Henry Ford knew what customers want. “Order your Model A in any color you want,” Ford is said to have declared, “as long as it’s black.”
Remember Trump Vodka? Trump Airlines? Trump Mortgage? You’re not alone. These are but a few examples of The Donald failing to understand what customers want.
“We want our music portable, on a pocket-sized device, and we don’t want to pay more than 99 cents per song,” consumers told Apple CEO Steve Jobs. Wait. What? In fact, it was Jobs who, with the invention of the iPod, told customers what they wanted even before they knew they wanted it.
Do customers know what they want or do you have to tell them? Knowing what customers want, what customers need, is a tricky business. But if you look at the research, you’ll see certain attributes common to effectively managing the customer experience no matter what business you’re in.
Studies show that customers care about 5 things in their customer service experience no matter the product or service:
Quality, Not Seconds, Count
Yes, customers don’t like having their time squandered when dealing with a problem with a product or service they purchased. But what customers really care about is a great customer service experience – even if it takes a little longer.
RightNow’s Customer Experience Impact Report (2010) demonstrates the point. 85 percent of respondents to their survey said they would pay as much as 25 percent more to ensure a superior customer service experience. Some 40 percent of consumers switched to a competitor’s product because of its reputation for great customer service. Very few people, if any, said something like, “The customer service sucked but I was taken care of quickly.”
It’s All About the Attitude
Employee attitudes are often key to giving customers what they want. A Gallup study showed that “lasting (“loyal”) relationships result from the culmination of regular contacts between customers and companies – and the net result of these ongoing interactions is an emotional connection that represents the bond between the customer and the company.”
What customers want is a great customer service experience – even if it takes a little longer or costs a little more. “The speed of an individual interaction is far less relevant than its ability to cement the emotional attachment that the customer feels to the company,” Gallup’s research shows.
What’s in Your Loyalty Program?
In their research into loyalty programs, Joseph C. Nunes and Xavier Drèze discovered what they called the Endowed Progress Effect or ‘artificial advancement.’ In short, if you give your customers a head start in your loyalty program, they will be more loyal.
The study tested two loyalty programs: one where eight stamps were needed to get a free car wash; and another where 10 stamps were needed to get a free wash BUT customers were given two free stamps toward the goal.
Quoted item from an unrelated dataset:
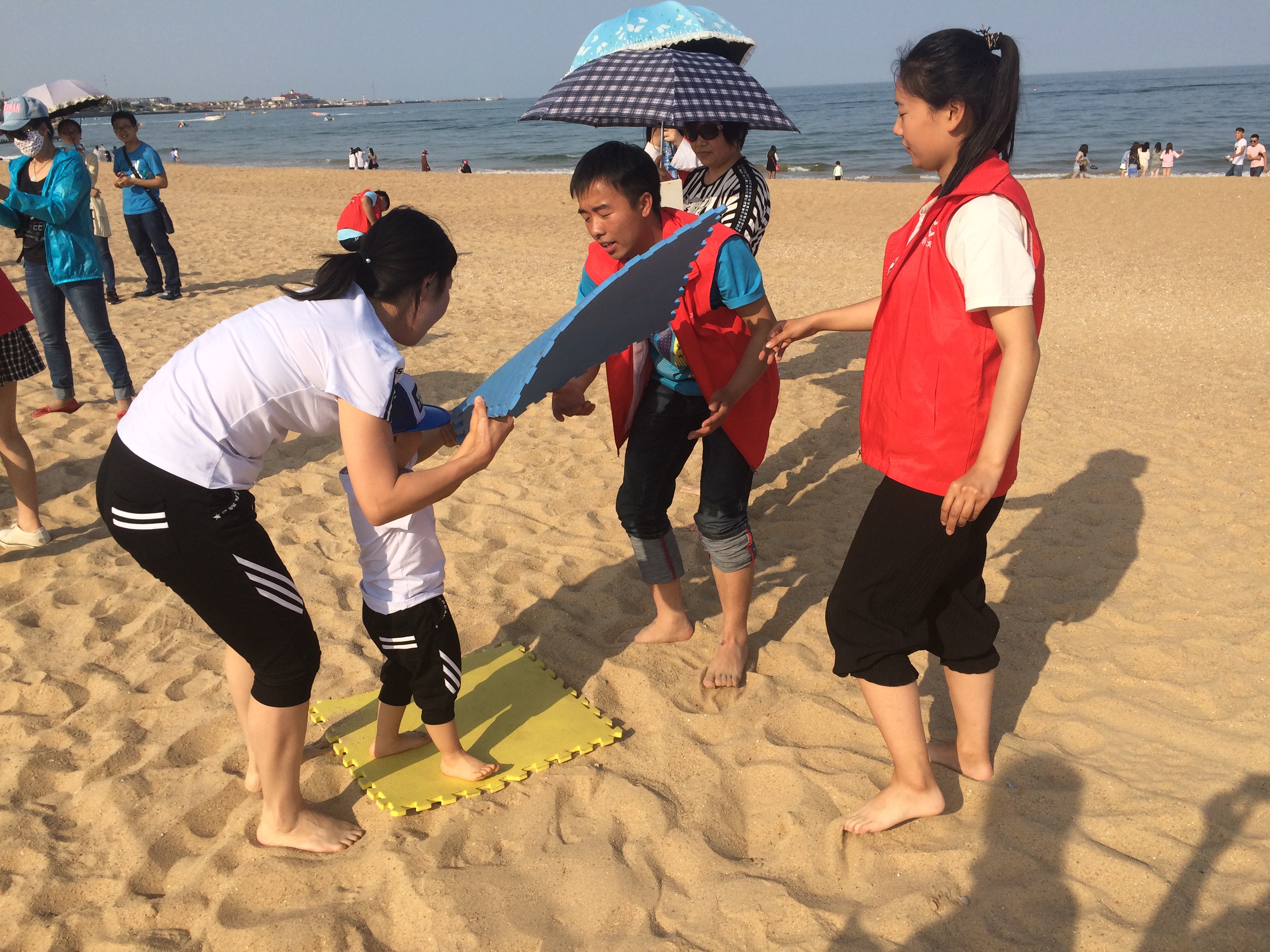 中午,曲师义工赶往太公岛沙滩,为“七彩梦”孩子们布置“六一”亲子趣味运动会场地。在游戏中义工们积极配合家长,辅助孩子们完成击鼓传球、搭桥过河、撕名牌、沙中淘宝等比赛项目。活动中穿插着孩子们、义工们的精彩节目表演,现场加油呐喊声不断,引得不少游客驻足观看。本次七彩梦活动,通过不同形式的锻炼项目,进一步提高了自闭症儿童的感知沟通能力和竞争意识,增强了融入社会的能力。

Either way, a free car wash required eight visits but, by a margin of nearly two to one (34 percent vs. 19 percent) customers completed their cards if they got the two stamp bonus.
The other factor affecting customer loyalty is ‘status.’ It’s great to be a gold or platinum member of a loyalty program but, Nunes and Drèze discovered, it’s just as important that your ranking infer that your status is above others in the program. In other words, precious metal status is relatively meaningless unless there’s some copper or bronze bonehead beneath you.
You want customer loyalty, your customers want ease and status.
Goodwill, AKA the Wow Factor
Social psychologists sometimes refer to reciprocity: When a person is the benefactor of a small, unexpected act of kindness they often respond in kind and then some.
If your employees exceed your customer expectations with a simple, random act of kindness – a “frugal wow,” the goodwill it generates can improve your bottom line in spades. It doesn’t take much, something as simple as a can of Coca-Cola can make your customers raving fans.
Can a mint—and we’re talking breath freshener here, not the place they make coins—increase revenues by nearly 25 percent? Yes, when it demonstrates how personalized you make your customers’ experiences. A 2006 study published in the Journal of Applied Psychology proves the point.
Customers don’t just love a personalized customer service experience, they adore it and they will reward it with increased revenues. Hint: It’s not the mints. It’s the way they were presented to diners in the study. It’s the way this small gesture (made twice in this case) says, ‘I really care about your customer service experience.’